From 1984 through 1992, Kmart also caught the acquisition bug, purchasing Waldenbooks, Builder’s Square, Pace Membership Warehouse, Sports Authority, and Border’s Books and Music. Industry observers say Kmart shoppers were confused by the mixed signals: While Kmart was supposed to be a discounter, it had deals with glitzy names like designer Ralph Lauren and model Kathy Ireland. 

In addition, instead of running television spots, Kmart continued with Sunday supplements in major metropolitan newspapers despite declining circulation. Kmart was hobbled by its reluctance to invest in technology, as well. 

“Even though (Walmart founder) Sam Walton didn’t like computers, he liked what computers could do,” says Erik Gordon, clinical assistant professor at the University of Michigan’s Ross School of Business in Ann Arbor. “Walmart built this tremendous computer system that was designed to take costs out of the logistics process and to assure that stores had needed inventory. Kmart didn’t, believing a discount store couldn’t spend that kind of money on computers.” 

The benefit of Walmart’s investment in technology is borne out by the numbers.

“In the 1980s, Kmart had a 20 percent gross margin on sales and Walmart, with its policy of everyday low prices, had a 10 percent gross margin on sales,” says Ivan Feinseth, chief investment officer at Tigress Financial Partners in New York. “However, Kmart did $75 a square foot in sales while Walmart was doing $175 a square foot in sales. Do the math; 20 percent times 75 is $15, 10 percent times 175 is $17.50. Walmart could turn inventory better.” 

Aerial view of Kmart Headquarters
Design Flaws – Kmart’s now-vacant headquarters in Troy may have seemed like a good idea when built, but the layout of offices among 23 pods connected by circular elevator towers proved cumbersome. Getting from one end to the other took 10 minutes. // Courtesy of Thomas Helicopter

In 2018, when both retailers were fading into obscurity, a report from Susquehanna International Group revealed that capital spending on store remodeling and e-commerce by Sears and Kmart in 2017 totaled 91 cents per square foot, compared to $8.12 at Kohl’s and $15.36 at Best Buy.

To appreciate how far the companies fell, and why, lessons can be gleaned from their respective origins and the subsequent succession to the next generation of leadership teams.  
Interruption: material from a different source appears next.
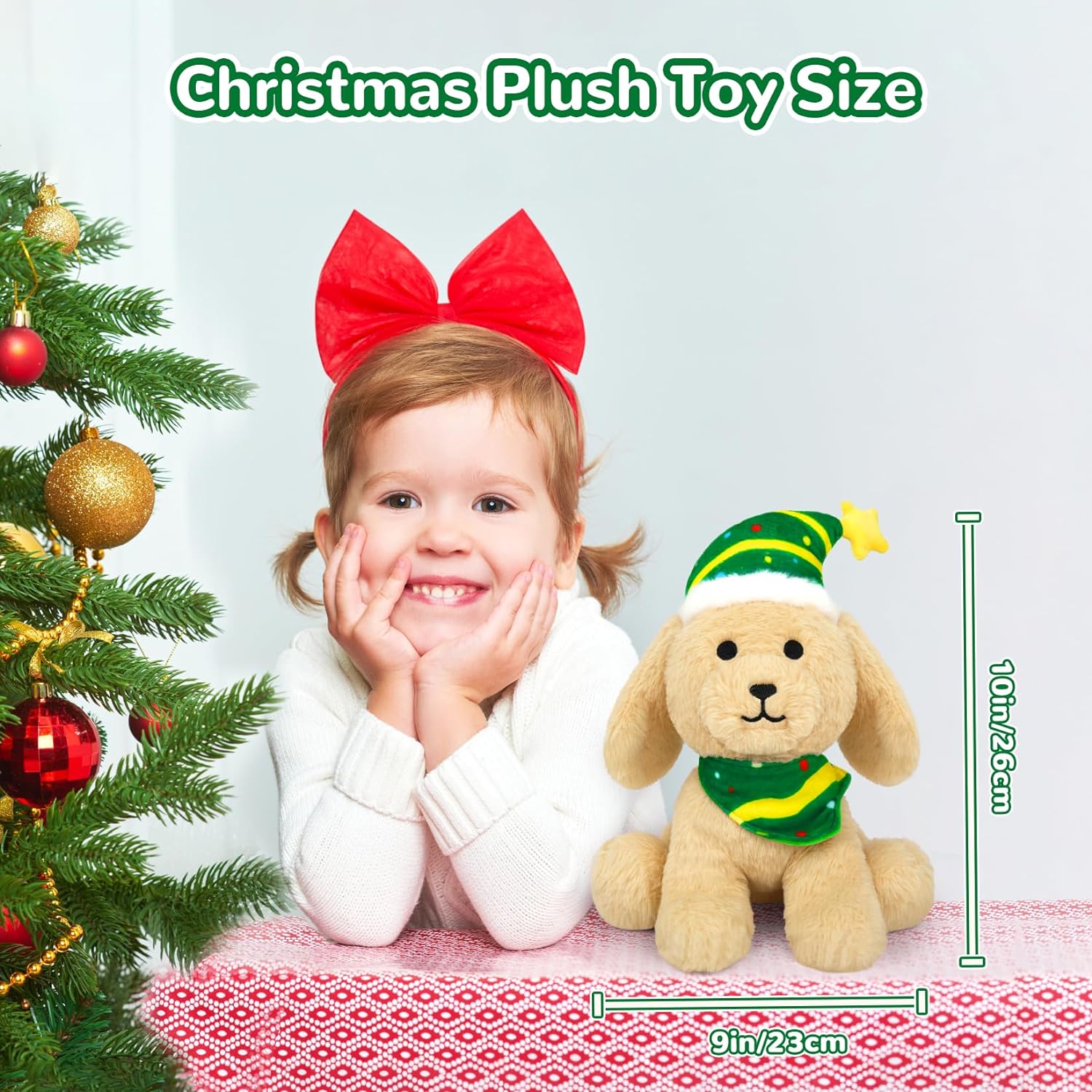 Dog Plush Christmas Dog Stuffed Animal Toy, Soft Dog Plushie Pillow, Cute Green Hat Dog Stuffed Doll Toy for Kids Boys Girls Kawaii Christmas Decoration (Green Hat)
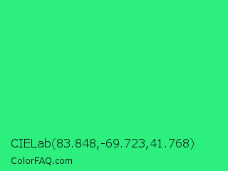 CIELab 83.848,-69.723,41.768 Color is a normal green color and the nearest color is UFO Green #3cd070. Hex code #2cef7e and RGB value is rgb(44,239,126). In RGB color space, this color is composed of 17% red, 94% green, 49% blue, In CMYK color space, this color is composed of 82% cyan, 0% magenta, 47% yellow , 6% black , In HSL color space, this color has a hue angle of 145° , 86% saturation and 55% lightness.

To supplement his income as a station agent of the Minneapolis & St. Louis Railway Co. in North Redwood, Minn., Richard Sears sold lumber and coal to his neighbors. In 1886, when Sears received a shipment of gold watches from Chicago that a nearby jeweler had refused, he purchased them, sold them to railway agents up and down the line, and ordered more. Later that year, Sears founded R.W. Sears Watch Co. in Minneapolis.  

Sears moved his business to Chicago in 1887 and bought a classified ad in the Chicago Daily News. A young man from Indiana named Alvah C. Roebuck answered the ad and was hired, and the firm’s corporate name became Sears, Roebuck and Co. in 1893. Thanks to volume buying, distribution via railroad, rural free delivery, and the post office, the new mail order company prospered by offering farmers an alternative to high-priced rural general stores.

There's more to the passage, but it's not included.